A: Not safely. While intuition (top chords compress, bottom chords tension) helps, complex loading or geometry can reverse the expected nature. Always verify with equilibrium equations And that's really what it comes down to. That alone is useful..

Q3: How do I handle distributed loads on a truss?
A: Convert the distributed load into an equivalent point load acting at the centroid of the distribution, then treat it as a standard external load in the FBD.

Q4: Why are zero‑force members useful?
A: Identifying them early reduces the number of equations you must solve, saves time, and prevents unnecessary calculations that could introduce rounding errors Not complicated — just consistent..

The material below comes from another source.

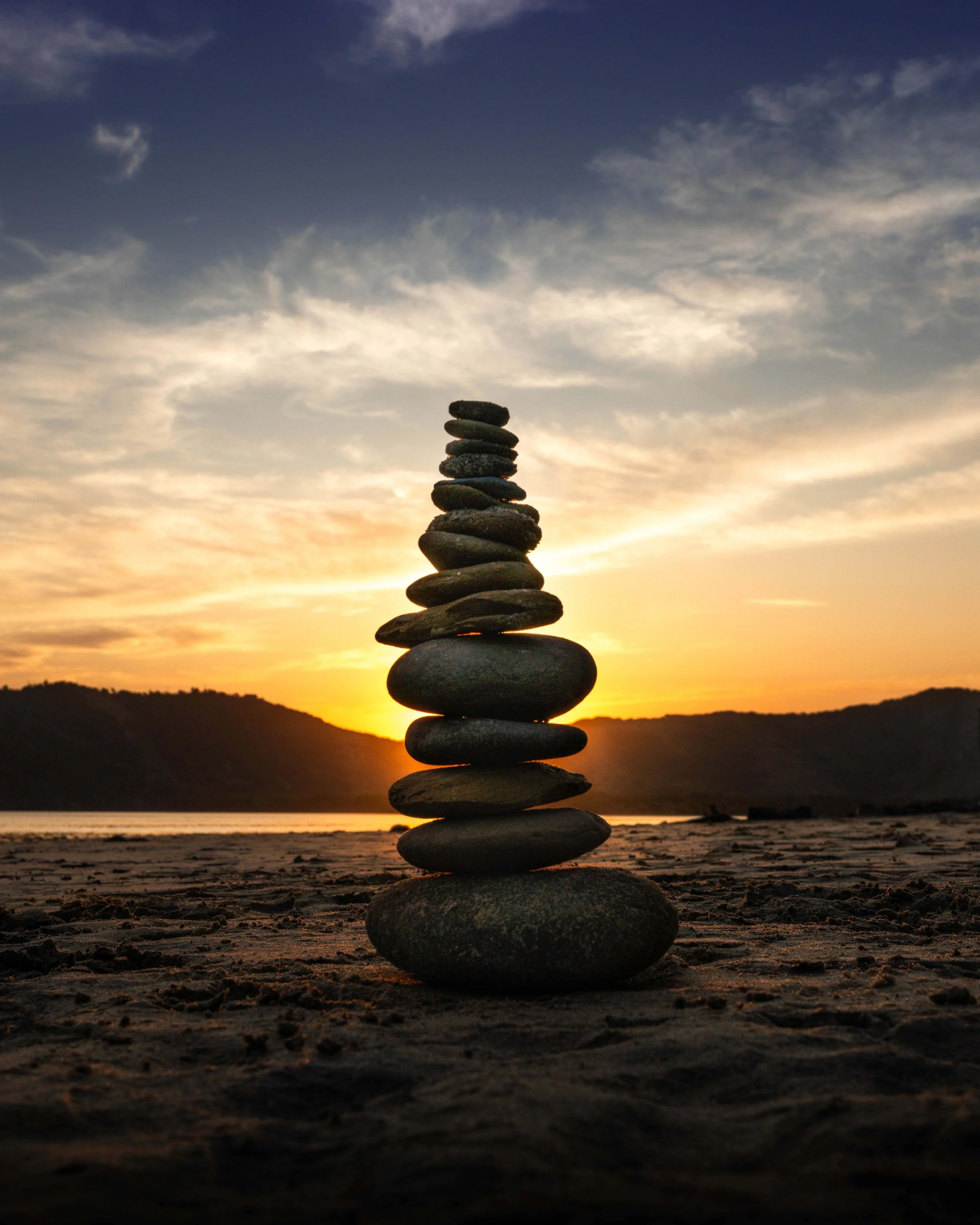 Stacked smooth stones balanced on a sandy beach at sunset with a river and mountains in the background.

Q5: What software can I use to check my hand calculations?
A: Free tools like Free Body Diagram apps, or professional packages such as SAP2000, STAAD.Pro, and RISA‑3D can model trusses and output member forces for verification Simple, but easy to overlook..

Conclusion

Activity 2.1’s six‑step truss analysis provides a clear roadmap from a raw diagram to a complete set of member forces. By drawing an accurate free‑body diagram, calculating support reactions, identifying zero‑force members, selecting an appropriate method of sections, applying equilibrium equations, and finally verifying the results, you develop both a deep conceptual understanding and a reliable computational technique It's one of those things that adds up..

Mastering this process equips you to tackle more advanced structures—such as three‑dimensional space frames or trusses with redundant supports—while retaining the confidence that every force balance is satisfied. Keep the steps handy, practice with different truss configurations, and soon the six‑step method will become second nature, enabling you to solve real‑world engineering challenges efficiently and accurately.